Saying No is not just OK..........


Getting comfortable with saying no is how I begin to create my boundaries. Boundaries are essential to happy, healthy relationships and a happy, healthy life.

I can and should say no if someone else wants to touch me and I don’t want to be touched, or even if someone says something about my body that is not appropriate. If a stranger says, for example, “you look hot in that dress”, I can say “don’t do that. It makes me uncomfortable.”
  
I can and should say no if someone is pushing on the way I think. If I do not (or do) believe in God and someone is imposing their beliefs on me, “don’t force your beliefs on me” would be the right thing to say.

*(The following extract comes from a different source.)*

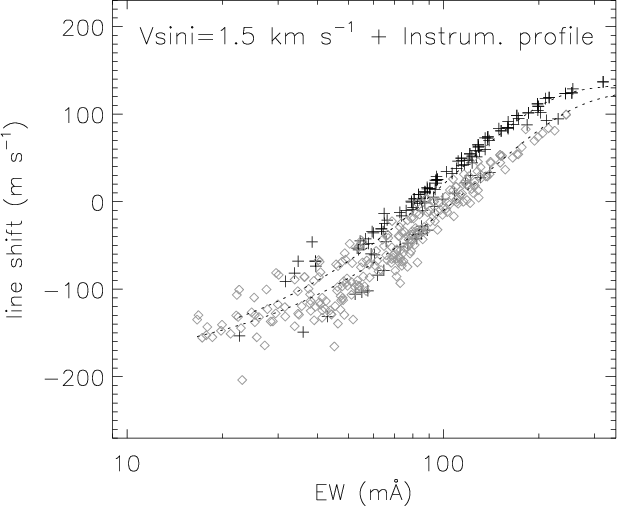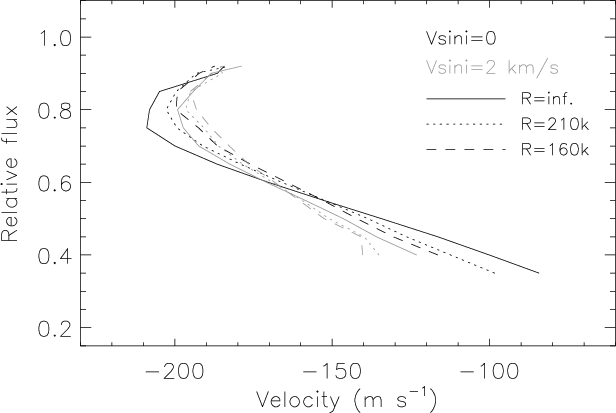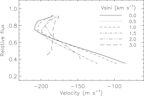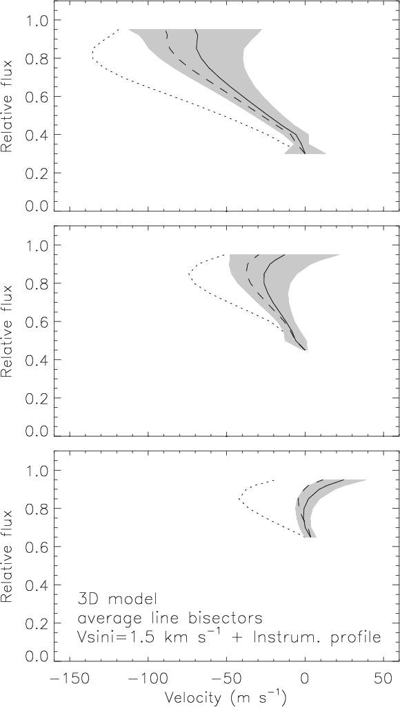 By convolving line profiles predicted by our 3D model with projected rotational velocity and instrumental profiles, as described in Sect. 4, we determined a more accurate

I can and should say no if I need time alone and my friends are insisting I go out. My time and how I spend it is mine, and I need to protect it. I can say no, and don’t need a reason. “I can’t join you this time but thank you so much for thinking of me.”

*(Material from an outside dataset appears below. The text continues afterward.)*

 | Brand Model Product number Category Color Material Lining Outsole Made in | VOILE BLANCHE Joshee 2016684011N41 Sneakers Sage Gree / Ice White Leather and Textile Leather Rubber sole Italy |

My things are mine. I can and should say no if someone is insisting I lend them my clothes or anything that belongs to me. Refusing to lend anything that is mine is my right.

You can and should say no if someone wants to talk about something I don’t want to talk about. What if what I am hearing puts me in an awkward position? I would rather not discuss that.

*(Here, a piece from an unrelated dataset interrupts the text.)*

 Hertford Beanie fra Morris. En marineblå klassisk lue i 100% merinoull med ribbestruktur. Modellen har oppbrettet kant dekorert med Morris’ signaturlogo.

My body, my rules. My time, my rules. My energy, my rules. My things, my rules.

This doesn’t have to be combative, aggressive or threatening. It can be gentle, subtle and firm.
Sometimes, though, saying no is not enough. Sometimes the fact I you said no makes the other person push harder. It’s common for people to push on boundaries. We ourselves do it to others.
 
Whoa! I didn’t mean to insult you when I said you looked hot. It was a compliment! The fact you don’t want to lend me your scarf is so selfish. Why do you only think of yourself?

I need to learn to protect my boundaries. This can be calm, without being hesitant or feeble.
Oh, come on! Come to the party! You need to learn how to have fun!
 
It certainly sounds like fun, but I really want to go home now. I will call you tomorrow so you can tell me about it!

Saying no is not just OK. It is necessary.